ABSTRACT

This chapter is devoted to the attempts of two philosophers to make sense of our immediate experience of time. A cursory glance at the relevant primary sources, or indeed a more careful scrutiny of some secondary sources, might easily give one the impression that Broad and Husserl had arrived at very similar conclusions concerning temporal awareness. In one sense this would not be too far off the mark, in that it is true that both authors can be found endorsing theories of a similar general form, but a closer look shows the situation to be rather more complicated. Husserl struggled with the topic throughout his long career, and in his various writings several different accounts of time-consciousness can be found; he seems never to have been entirely happy with any of them. Broad proposed an account of temporal experience in his Scientific Thought (1923), and returned to the topic in his An Examination of McTaggart’s Philosophy (1938).

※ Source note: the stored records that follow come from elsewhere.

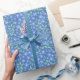 Pretty Ditsy Periwinkle Blue Green Floral Pattern Wrapping Paper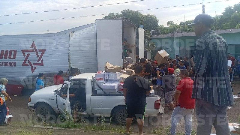 De acuerdo con testigos, el chófer intentó evitar el saqueo, suplicando a las personas que no abrieran la caja del vehículo. Sin embargo, varios sujetos forzaron el acceso y comenzaron a sustraer la mercancía. “Sacaron las cosas, dejaron poca”, relató un vecino de la zona.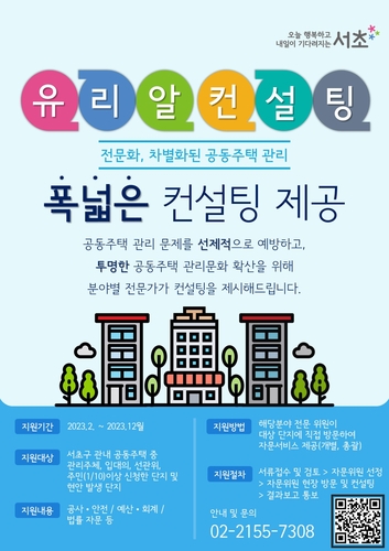 '공동주택관리 전문가 자문단' 및 '유리알 컨설팅'의 자문 비용은 구에서 지원한다. 자문을 원하는 공동주택은 신청서, 사업계획서, 도면, 견적서 등 필요서류를 구비해 '서초구 공동주택&재건축 정보포털'에 신청하면 된다.

Although Broad does not indicate as much, his later account is very different from his earlier effort, despite some superficial similarities. The interesting point is that although the views of both philosophers evolved, they evolved in opposite directions. Broad’s later account most resembles a theory Husserl elaborated in his earlymid period, whereas Broad’s initial account is in some respects similar to one which can be discerned in Husserl’s later writings. Broad’s early account is realist, his later account anti-realist; Husserl seems to have moved in the opposite direction. So, to simplify somewhat, far from arriving at the same place, each writer’s destination was the other’s point of departure.